Gold T, Williams Setareh A, Weiss Richard J, Wang Yamei, Watkins Christopher, Carroll James, Middleton Chloe, Silverman Stuart
Duke University Medical Center, Duke University, Durham, NC, USA.
Radius Health, Inc., Waltham, MA, USA.
J Drug Assess. 2019 Oct 9;8(1):175-183. doi: 10.1080/21556660.2019.1677674. eCollection 2019.
To evaluate the impact of osteoporosis-related fractures on health-related quality of life (HRQoL). Data were obtained from the 2016 Adelphi US Osteoporosis Disease Specific Programme™, a cross-sectional survey of physicians and their male and female patients with osteoporosis. Patient-reported outcomes (PRO) measures included the European Quality of Life 5 Domains (EQ-5D), European Quality of Life Visual Analog Scale (EQ-VAS), and Osteoporosis Assessment Questionnaire short-version (OPAQ-SV; physical, emotional, and symptom domains). Associations between PRO scores and the number and site of fractures were evaluated using ANOVA. Multivariate analyses were conducted using linear regression. Physicians provided records for 1848 patients with osteoporosis. Of these, 981 (53.1%) completed the patient survey, data for the number of fractures were available for 935/981 (95.3%), and 185/935 (19.8%) had a history of fracture. Experiencing fractures significantly influenced scores on all PRO measures ( < .0001). Hip and spine fractures were associated with the greatest reduction in most PRO scores. The number of fractures, age, body mass index, and Charlson Comorbidity Index (CCI) were significantly associated with PRO measures ( < .05) in multivariate analyses. In patients with a fracture, fracture site, CCI, gender (EQ-5D and EQ-VAS), and age (OPAQ-SV physical only) were significantly associated with PRO measures. In patients with osteoporosis, fractures are associated with lower HRQoL and lower overall health status. Fracture history, fracture site, age, and comorbidity burden significantly influence HRQoL in individuals with osteoporosis. These data suggest the need for interventions to reduce the risk of fractures in patients with osteoporosis.

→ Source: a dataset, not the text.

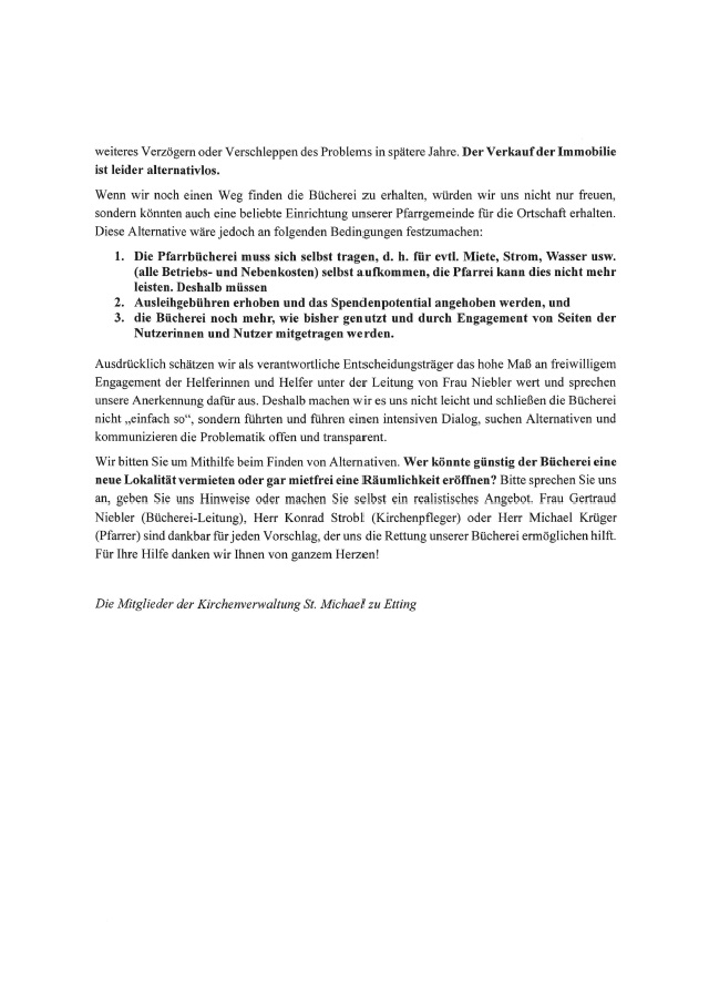 Wir bitten Sie um Mithilfe beim Finden von Alternativen. Wer könnte günstig der Bücherei eine neue Lokalität vermieten oder gar mietfrei eine Räumlichkeit eröffnen? Bitte sprechen Sie uns an, geben Sie uns Hinweise oder machen Sie selbst ein realistisches Angebot. Frau Gertraud Niebler (Bücherei-Leitung), Herr Konrad Strobl (Kirchenpfleger, pfarrei.etting@gmail.com) oder Herr Michael Krüger (Pfarrer) sind dankbar für jeden Vorschlag, der uns die Rettung unserer Bücherei ermöglichen hilft. Für Ihre Hilfe danken wir Ihnen von ganzem Herzen!
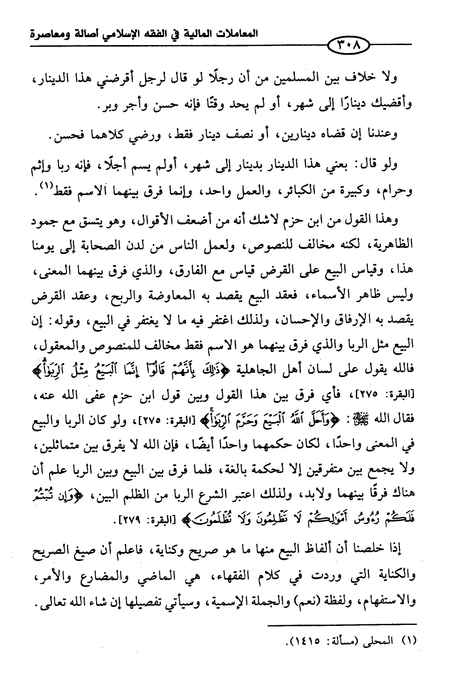 وهذا القول من ابن حزم لا شك أنه من أضعف الأقوال، وهو يتسق مع جمود الظاهرية، لكنه مخالف للنصوص، ولعمل الناس من لدن الصحابة إلى يومنا هذا، وقياس البيع على القرض قياس مع الفارق، والذي فرق بينهما المعنى، وليس ظاهر الأسماء، فعقد البيع يقصد به المعاوضة والربح، وعقد القرض يقصد به الإرفاق والإحسان، ولذلك اغتفر فيه ما لا يغتفر في البيع، وقوله: إن البيع مثل الربا والذي فرق بينهما هو الاسم فقط مخالف للمنصوص والمعقول، فالله يقول على لسان أهل الجاهلية {ذَلِكَ بِأَنَّهُمْ قَالُوا إِنَّمَا الْبَيْعُ مِثْلُ الرِّبَا} [البقرة: ٢٧٥]، فأي فرق بين هذا القول وبين قول ابن حزم عفى الله عنه، فقال الله - صلى الله عليه وسلم -: {وَأَحَلَّ اللَّهُ الْبَيْعَ وَحَرَّمَ الرِّبَا} [البقرة: ٢٧٥]، ولو كان الربا والبيع في المعنى واحداً، لكان حكمهما واحداً أيضًا، فإن الله لا يفرق بين متماثلين، ولا يجمع بين متفرقين إلا لحكمة بالغة، فلما فرق بين البيع وبين الربا علم أن هناك فرقا بينهما ولابد، ولذلك اعتبر الشرع الربا من الظلم البين، {وَإِنْ تُبْتُمْ فَلَكُمْ رُءُوسُ أَمْوَالِكُمْ لَا تَظْلِمُونَ وَلَا تُظْلَمُونَ} [البقرة: ٢٧٩].

评估骨质疏松性骨折对健康相关生活质量(HRQoL)的影响。数据来自2016年美国阿德尔菲骨质疏松症特定疾病项目™,这是一项针对医生及其患有骨质疏松症的男性和女性患者的横断面调查。患者报告结局(PRO)指标包括欧洲生活质量5维度量表(EQ-5D)、欧洲生活质量视觉模拟量表(EQ-VAS)以及骨质疏松症评估问卷简版(OPAQ-SV;身体、情感和症状领域)。使用方差分析评估PRO分数与骨折数量和部位之间的关联。采用线性回归进行多变量分析。医生提供了1848例骨质疏松症患者的记录。其中,981例(53.1%)完成了患者调查,935/981例(95.3%)有骨折数量数据,185/935例(19.8%)有骨折病史。经历骨折对所有PRO指标的分数有显著影响(<0.0001)。髋部和脊柱骨折与大多数PRO分数的最大降幅相关。在多变量分析中,骨折数量、年龄、体重指数和查尔森合并症指数(CCI)与PRO指标显著相关(<0.05)。在有骨折的患者中,骨折部位、CCI、性别(EQ-5D和EQ-VAS)以及年龄(仅OPAQ-SV身体领域)与PRO指标显著相关。在骨质疏松症患者中,骨折与较低的HRQoL和较低的整体健康状况相关。骨折病史、骨折部位、年龄和合并症负担显著影响骨质疏松症患者的HRQoL。这些数据表明需要采取干预措施以降低骨质疏松症患者的骨折风险。